The Constitution of India is the grand norm of the country. It lays down the framework defining fundamental political principles, establishes the structure, procedures, powers, and duties of government institutions and sets out fundamental rights, directive principles and the duties of citizens. The Constitution is supreme in this country as it was created by a constituent assembly, and adopted by its people, with a declaration in its preamble that all institutions shall function as per the Constitutional law. Dr. B. R. Ambedkar is regarded as its chief architect. This article is an attempt to give an overview regarding Constitution of India and fundamental rights.
The Constitution of India was adopted by the Constituent Assembly on 26 November 1949 and came into effect on 26 January 1950. It deals with the union and its territory, citizenship, fundamental rights and duties, directive principles of state policy, the Union, the States, union territories, the High Courts in the states, subordinate courts, the panchayats, the municipalities, cooperative societies, the scheduled and tribal areas, relations between the union and the states, finance, property, contracts and suits, trade, commerce and intercourse within the territory of India, services under the union and the states, tribunals, elections, special provisions relating to certain classes, official language, regional language and Emergency provisions. Under the scheme of Constitution of India, Parliament/ State legislation is empowered to make laws, Executive implements the laws and Constitutional courts interpret the provisions of Constitution. Parliament can amend the Constitution but the basic structure of the Constitution cannot be amended under Article 368.

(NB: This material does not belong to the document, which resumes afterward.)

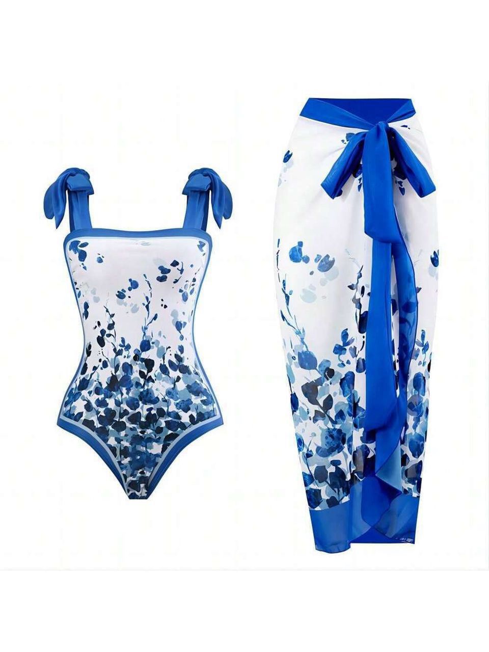 아마존 2023 유럽과 미국의 새로운 고정 에디션 인쇄 투피스 수영복 보수적 인 힙 스커트 재고 수영복스토어 가기

Most of the Fundamental rights are enforceable against State under Writ petition either before High Court or Supreme Court. State is defined under Article 12, Article 13 definition of law, Equality clause: Article 14, 15 & 16, Abolition of untouchability: Article 17, Abolition of titles: Article 18, Freedom to expression and speech: Article 19, Rights of accused: Article 20, Right to life and liberty: Article 21, Protection against arrest and detention in certain cases: Article 22. Writ jurisdiction of the Hon’ble High Court can be invoked under article 226 in the nature of habeas corpus, mandamus, prohibition, quo warranto, and certiorari. Hon’ble Supreme Court, the highest in the country, may also issue writs under Article 32 of the Constitution for enforcement of Fundamental Rights and under Articles 139 for enforcement of rights other than Fundamental Rights.
The petitioner must file a representation in the department/ office to avail an existing remedy before filing Writ petition in the Hon’ble High Court or Supreme Court. Although, no specified limitation is applicable to the violation of fundamental rights in the Hon’ble High Court the petition may be dismissed on the ground of delay and latches. Our Best Advocates for Constitutional law in Chandigarh have always advised their clients to file the case within a reasonable time to avoid any damage due to delay.
The Constitution of India is the most exhaustive Constitution of the world and it has safeguarded all the institution of India from arbitrariness. The role of constitutional courts as watchdogs over the institutional balance is actually bringing the spirit of rule of law in India.